Confirmatory analysis of HBsAg reactive samples from voluntary blood donors
10.13303/j.cjbt.issn.1004-549x.2026.04.006
- VernacularTitle:无偿献血者HBsAg检测反应性标本的确证分析
- Author:
Qiaolin ZHANG
1
;
Fang WANG
1
;
Dong LIU
1
;
Fengjiao HAN
1
;
Liu LI
1
;
Xiaochuan ZHENG
1
;
Xuelian DENG
2
;
Dongyan YANG
1
Author Information
1. Chongqing Blood Center, Chongqing 400000, China
2. Dalian Blood Center, Dalian, Liaoning 116001, China
- Publication Type:Journal Article
- Keywords:
hepatitis B virus;
HBsAg;
ELISA;
electrochemiluminescence
- From:
Chinese Journal of Blood Transfusion
2026;39(4):452-457
- CountryChina
- Language:Chinese
-
Abstract:
Objective: To systematically analyze the confirmatory positivity of different combinations of HBsAg screening results in blood testing, providing data to support the optimization of blood donor eligibility management.
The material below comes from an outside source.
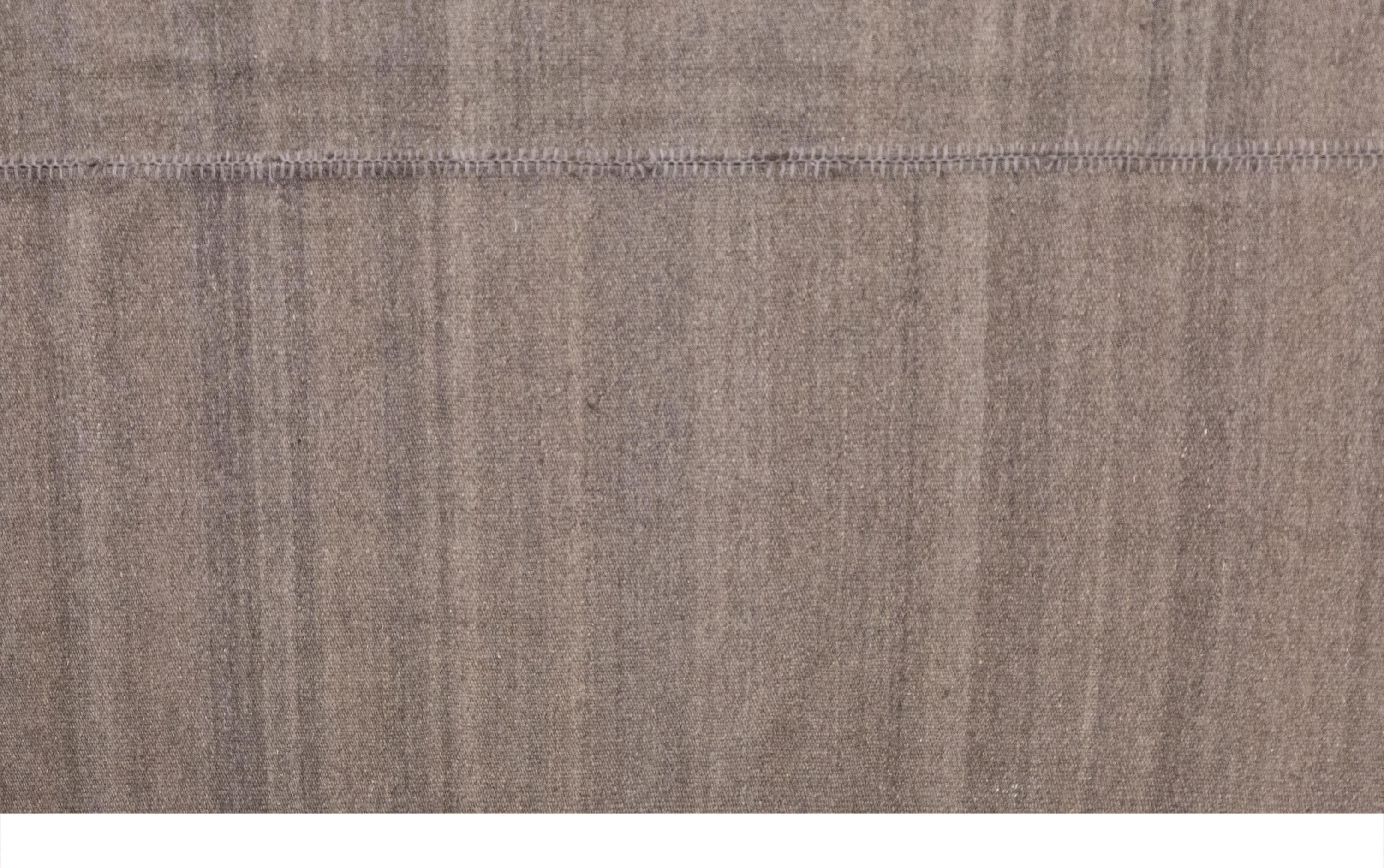A 60+ years old handwoven Turkish Kilim rug with muted stripes, expertly crafted from goat hair in Anatolian villages. Professionally washed and ready to use, its minimalist design brings elegance and warmth to any space.

Methods: A retrospective analysis was conducted on blood screening data from 174 266 voluntary blood donor samples at the Chongqing Blood Center between October 2021 and September 2022. Samples with inconsistent results between the two HBsAg enzymelinked immunosorbent assays (ELISA) and individual donor nucleic acid testing (NAT) were confirmed using an electrochemiluminescence immunoassay (ECLIA) and a neutralization test. The detection efficacy of four different HBsAg ELISA reagents was compared using the HBsAg-confirmed positive samples. Results: A total of 767(0.44%) HBV-reactive (HB-sAg and/or HBV DNA reactive) samples were detected. Among them, 344 samples with discordant serological and NAT results were collected, of which 64(18.6%) were confirmed positive by neutralization test. Additionally, 5 samples that were neutralization-negative but double-reactive for HBsAg and HBV DNA were confirmed as positive according to FDA guidance, resulting in a total of 69(20.1%) confirmed HBsAg-positive samples. There were significant differences in the neutralization test confirmation rates among different screening result categories (P<0.05): The group with dual HBsAg reagent reactivity (double reactive) & NAT-negative had the highest confirmation rate (96.9%, 31/32); the group reactive to only reagent 2 (single reactive) had a rate of 25.7% (29/113); while the confirmation rates for samples reactive to only reagent 1 and samples with isolated HBV DNA positivity were extremely low [0(0/34) and 2.4%(4/165), respectively]. The four commercial reagents showed significant differences in their ability to detect confirmed positive samples that were initially single reactive (P<0.05). Conclusion: Given the performance variations among HBsAg screening reagents, thorough performance verification is essential before implementation. When NAT is negative, dual HBsAg reactivity in screening can serve as a basis for confirming infection and directly deferring blood donors. However, confirming infection in donors with single HBsAg reactivity is more challenging, necessitating supplementary tests to rule out infection risk.